Collected data:

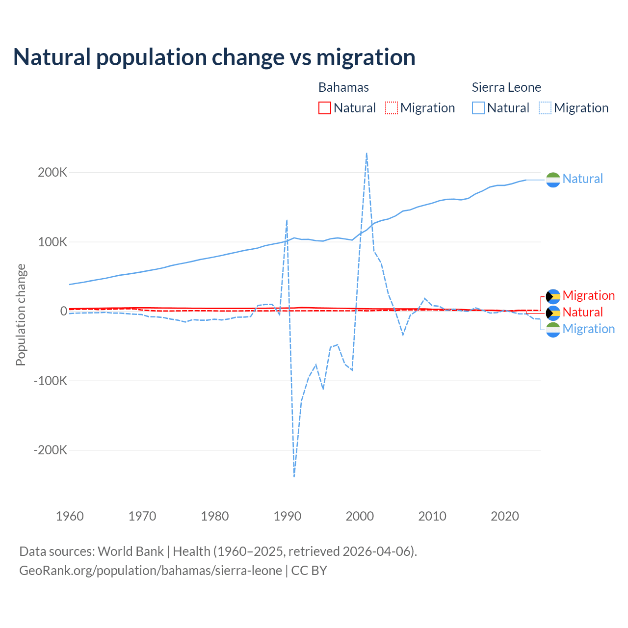 Over the last 10 years, 56.9% of the population change in the Bahamas is from natural causes (a gain of 11,209 people) and 43.1% is from migration (a gain of 8,495 people). In Sierra Leone 99.6% is from natural causes (a gain of 1,764,049 people) and 0.41% is from migration (a loss of 7,211 people).
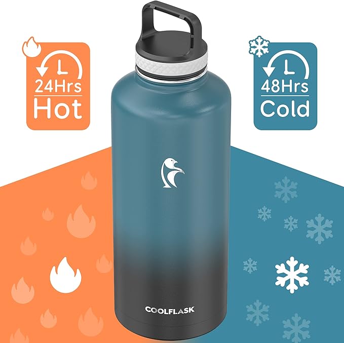 • 48H Cold & 24H Hot: Triple Insulation Technology adopts double wall and vacuum seal, keeps beverages cold for up to 48 hours and hot 24 hours. Anti-sweat coating can keep the surface dry and clean, making it easy to grip.
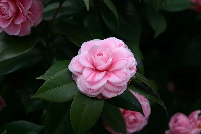 山茶花生于南国开在隆冬,农历的十一月当严寒覆盖了大地,而山茶花却依然凌霜傲雪兀自绽放,敢于同斗雪的腊梅媲美。其娇柔而坚定的风姿,葱郁盎然的生机,令人在料峭的寒风里读到了春的讯息。

Work instruction: I need the lines from the line holding "easy to grip." through the end of the material, inclusive, restated word for word and without pictures.

Completed task:
 • 48H Cold & 24H Hot: Triple Insulation Technology adopts double wall and vacuum seal, keeps beverages cold for up to 48 hours and hot 24 hours. Anti-sweat coating can keep the surface dry and clean, making it easy to grip.
 山茶花生于南国开在隆冬,农历的十一月当严寒覆盖了大地,而山茶花却依然凌霜傲雪兀自绽放,敢于同斗雪的腊梅媲美。其娇柔而坚定的风姿,葱郁盎然的生机,令人在料峭的寒风里读到了春的讯息。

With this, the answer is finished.